**Given data**.
§

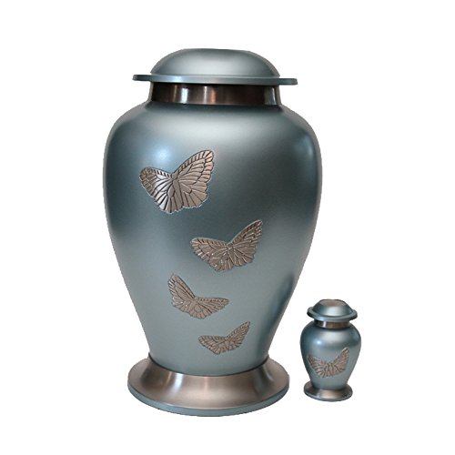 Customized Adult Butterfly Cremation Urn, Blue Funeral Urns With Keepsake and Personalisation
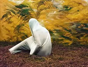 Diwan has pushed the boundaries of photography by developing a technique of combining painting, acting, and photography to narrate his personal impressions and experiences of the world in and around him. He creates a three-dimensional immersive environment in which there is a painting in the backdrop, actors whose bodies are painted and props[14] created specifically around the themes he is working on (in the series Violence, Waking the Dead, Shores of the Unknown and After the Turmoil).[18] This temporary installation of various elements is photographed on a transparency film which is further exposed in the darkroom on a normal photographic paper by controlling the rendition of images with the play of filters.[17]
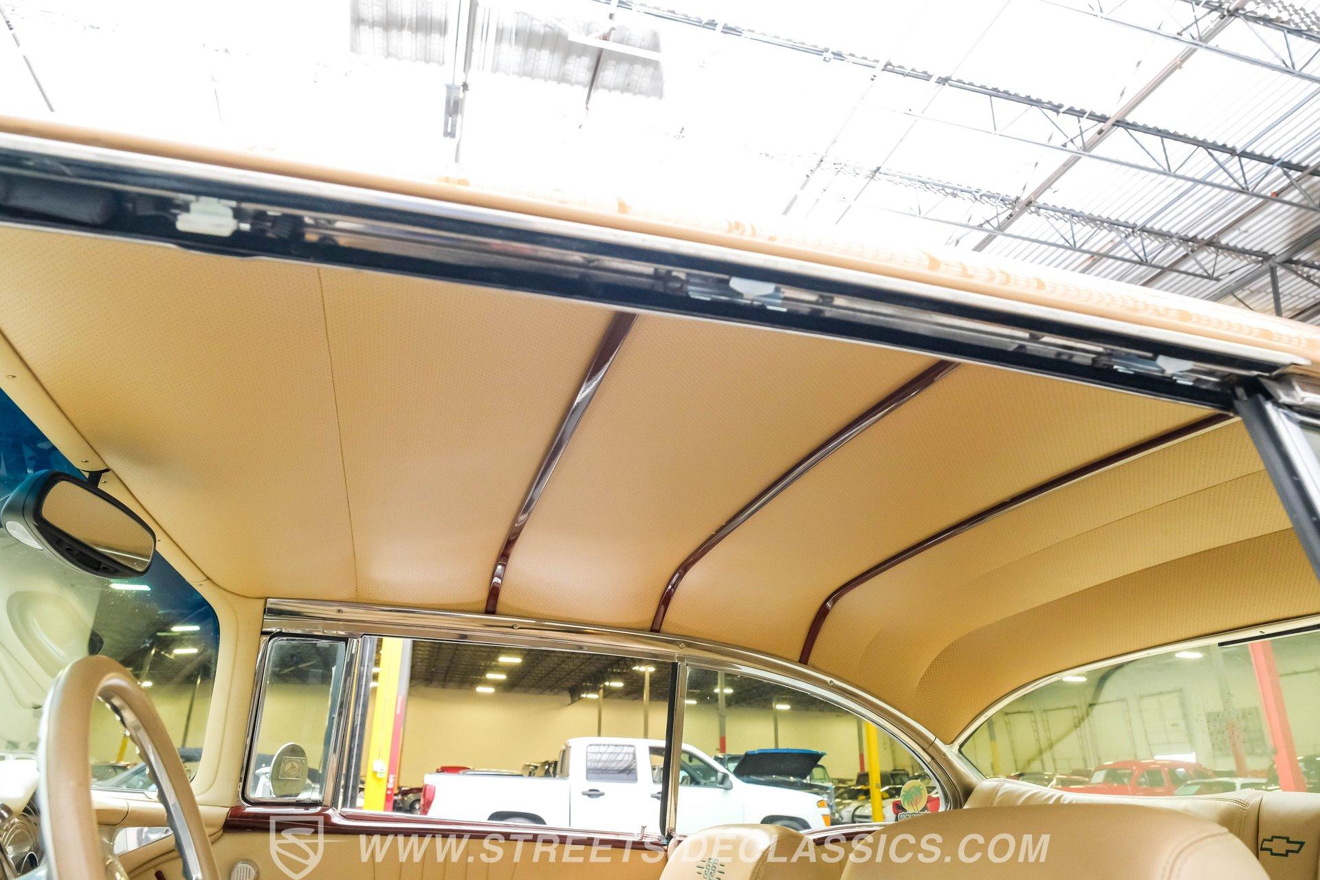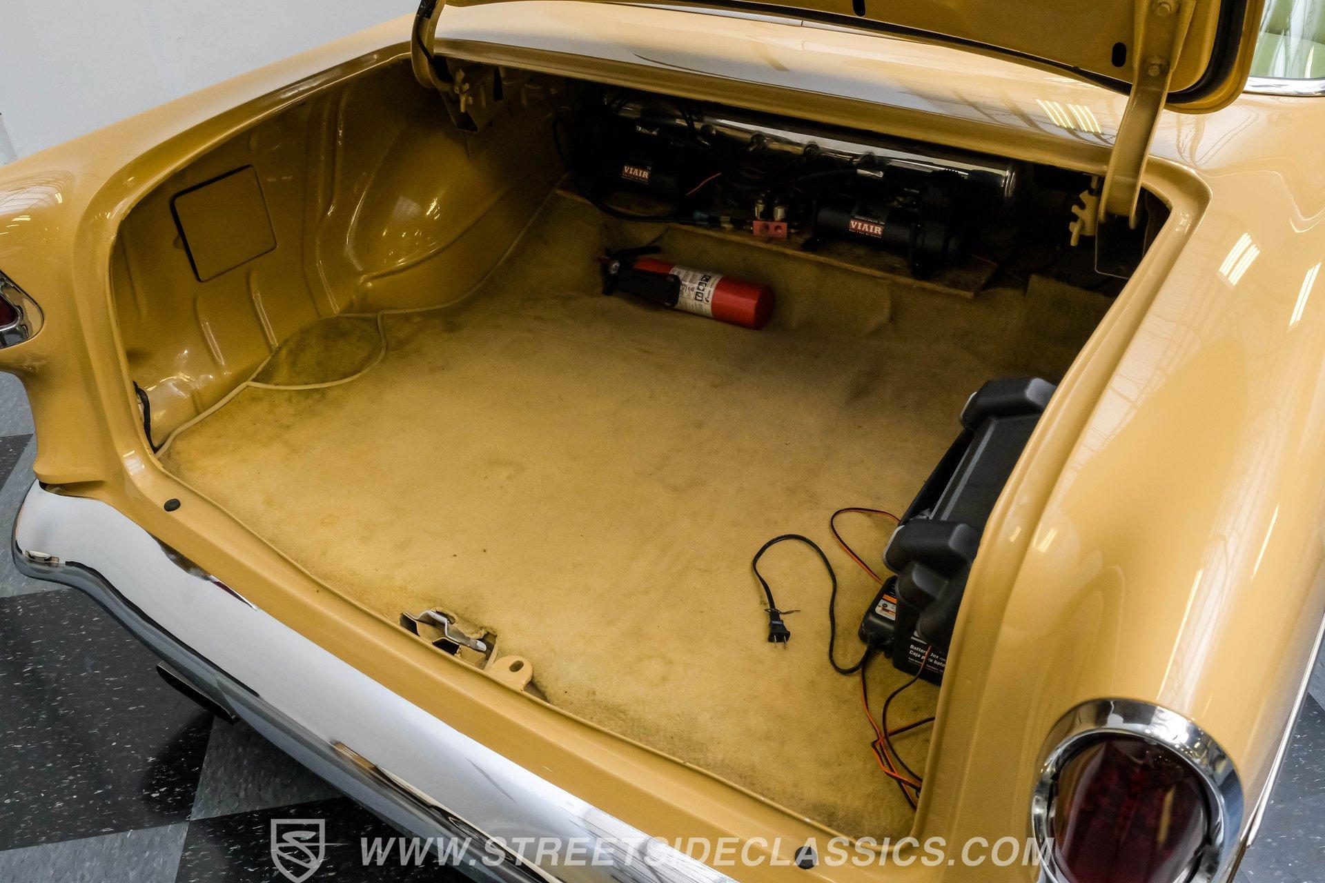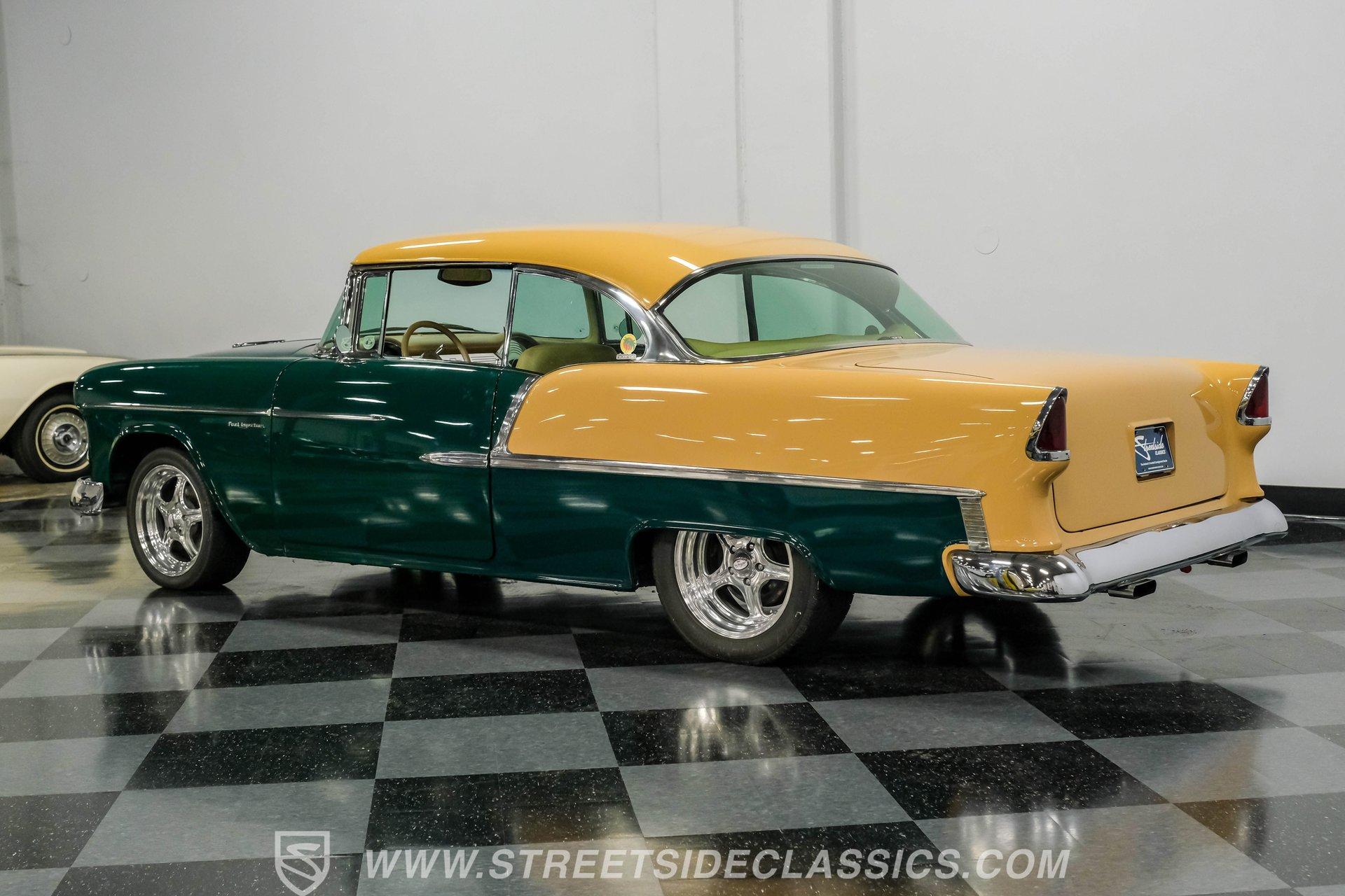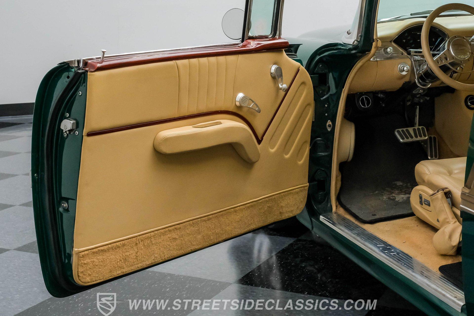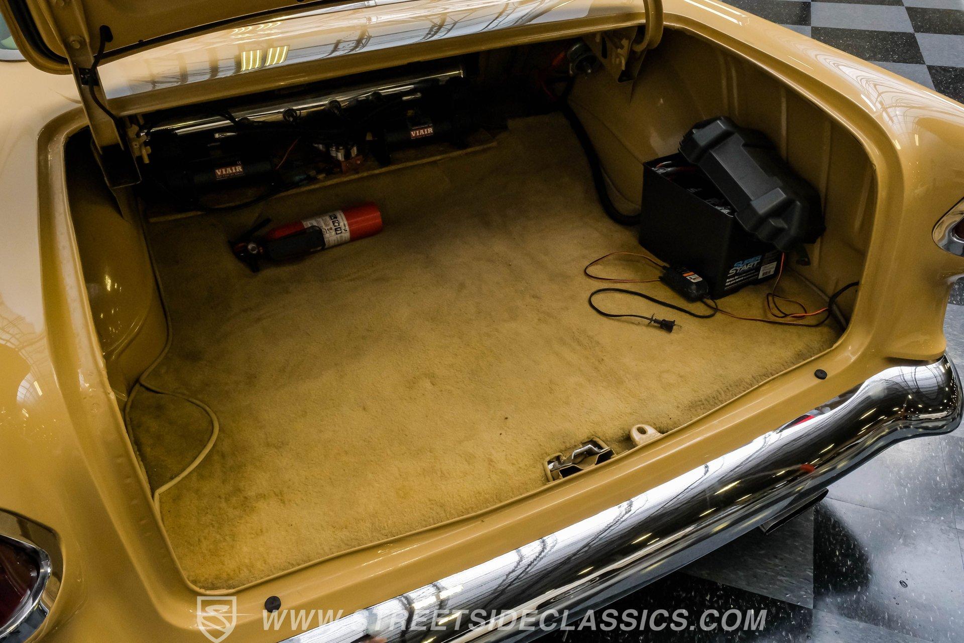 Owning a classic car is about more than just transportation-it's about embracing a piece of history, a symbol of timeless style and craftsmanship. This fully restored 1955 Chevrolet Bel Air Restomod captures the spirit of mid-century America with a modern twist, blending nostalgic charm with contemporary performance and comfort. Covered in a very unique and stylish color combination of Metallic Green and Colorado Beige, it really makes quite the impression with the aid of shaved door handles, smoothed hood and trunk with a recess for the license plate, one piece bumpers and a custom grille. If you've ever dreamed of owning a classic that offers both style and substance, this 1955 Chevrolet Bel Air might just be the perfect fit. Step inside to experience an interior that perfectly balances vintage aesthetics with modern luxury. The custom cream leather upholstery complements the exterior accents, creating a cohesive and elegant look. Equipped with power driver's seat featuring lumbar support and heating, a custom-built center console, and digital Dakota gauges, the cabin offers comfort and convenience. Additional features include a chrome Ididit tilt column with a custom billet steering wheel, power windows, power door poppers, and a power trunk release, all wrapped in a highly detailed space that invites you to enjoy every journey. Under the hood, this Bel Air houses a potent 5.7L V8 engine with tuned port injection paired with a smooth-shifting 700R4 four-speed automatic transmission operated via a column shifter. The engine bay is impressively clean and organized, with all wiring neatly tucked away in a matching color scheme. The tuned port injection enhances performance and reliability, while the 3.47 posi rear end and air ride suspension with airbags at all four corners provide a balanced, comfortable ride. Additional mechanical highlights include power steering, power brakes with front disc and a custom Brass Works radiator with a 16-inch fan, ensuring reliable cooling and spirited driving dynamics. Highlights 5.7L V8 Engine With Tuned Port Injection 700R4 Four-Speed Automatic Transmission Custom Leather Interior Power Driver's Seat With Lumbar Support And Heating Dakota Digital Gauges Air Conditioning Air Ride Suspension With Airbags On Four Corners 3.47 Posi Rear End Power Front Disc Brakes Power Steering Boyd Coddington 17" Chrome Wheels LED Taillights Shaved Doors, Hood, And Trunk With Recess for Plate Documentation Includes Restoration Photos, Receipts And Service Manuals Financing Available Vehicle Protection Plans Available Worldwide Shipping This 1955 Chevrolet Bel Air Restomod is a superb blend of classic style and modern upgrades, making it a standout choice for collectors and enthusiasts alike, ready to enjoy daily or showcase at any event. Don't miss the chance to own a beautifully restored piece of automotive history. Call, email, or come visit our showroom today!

§

Repeat the lines exactly as they stand, from the opening line of the data through the line with "Diwan has pushed". Pictures stay out of the copy.

 Customized Adult Butterfly Cremation Urn, Blue Funeral Urns With Keepsake and Personalisation
 Diwan has pushed the boundaries of photography by developing a technique of combining painting, acting, and photography to narrate his personal impressions and experiences of the world in and around him. He creates a three-dimensional immersive environment in which there is a painting in the backdrop, actors whose bodies are painted and props[14] created specifically around the themes he is working on (in the series Violence, Waking the Dead, Shores of the Unknown and After the Turmoil).[18] This temporary installation of various elements is photographed on a transparency film which is further exposed in the darkroom on a normal photographic paper by controlling the rendition of images with the play of filters.[17]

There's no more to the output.